Scientists investigate use of cognitive computing-based visual analytics for skin cancer image analysis
IBM announced today a collaboration with Memorial Sloan Kettering to research the application of cognitive computing to analyze dermatological images of skin lesions with the goal of assisting clinicians in the identification of various cancerous disease states. The technology, which learns by identifying specific patterns in medical images, has the potential to increase the number of cases detected and help clinicians make earlier diagnoses.
Despite efforts to address risk factors, skin cancer is still the most commonly diagnosed cancer in the United States with nearly 5 million people treated for the disease every year, at an estimated cost of $8.1 billion. Melanoma, the most deadly form of skin cancer, causes nearly 9,000 deaths each year.
The automated analysis of skin imaging is one area of research that is currently being investigated by IBM Research, in conjunction with a larger international effort being led by Memorial Sloan Kettering.
Dr. Allan Halpern, Chief of Dermatology Service at Memorial Sloan Kettering, said "Skin cancer is a major public health problem. Treatment options exist, with the best outcomes attained through early detection. However, accurately distinguishing the earliest cancers from concerning benign lesions can be very challenging even for dermatologists, so having the aid of analytics that can recognize medical images and detect small variations over time could vastly improve patient prognoses."
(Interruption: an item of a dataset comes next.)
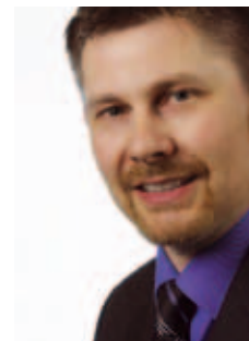
DER AUTOR Eckhard Kummrow ist Mitarbeiter der Hessischen Fachstelle für Öffentliche Bibliotheken bei der Hessischen Landesbibliothek Wiesbaden.

Currently, diagnostic accuracy varies widely across clinicians, institutions, and the availability of expertise. Even when the appropriate expertise is available, diagnostic accuracy is estimated between 75-84%. Critical evidence in these images is often subtle, requiring experience and careful measurement to recognize. Using cognitive visual capabilities being developed at IBM, computers can be trained to identify specific patterns in images by gaining experience and knowledge through analysis of large collections of educational research data, and performing finely detailed measurements that would otherwise be too large and laborious for a doctor to perform. Such examples of finely detailed measurements include the objective quantification of visual features, such as color distributions, texture patterns, shape, and edge information. Algorithms could also measure temporal morphological progression of lesions (such as aggressive growth over a short span of time), or deviations from what is considered normal for a single patient or sub-population. Combinations of these types of analyses could identify for the clinicians, nuanced patterns in dermatological images that may signify disease.
Preliminary experiments have been performed using a controlled research dataset of dermoscopy images (a specialized imaging technique used by dermatologists) containing over 3,000 cases of melanoma, atypical lesions, and benign lesions. In this dataset, the technology developed by IBM recognized diseased states with a performance of 97% sensitivity, and 95% specificity.
"Given the incredibly high incidence and mortality rate of skin cancer, there's a real opportunity to have a clear and significant impact on the health and longevity of individuals on a global scale. At IBM, we are uniquely equipped to help tackle this problem with our expertise in cognitive computing, including machine learning and visual analytics," said Dr. Noel Codella, IBM Research Staff Member, and IBM Technical Coordinator for the collaboration.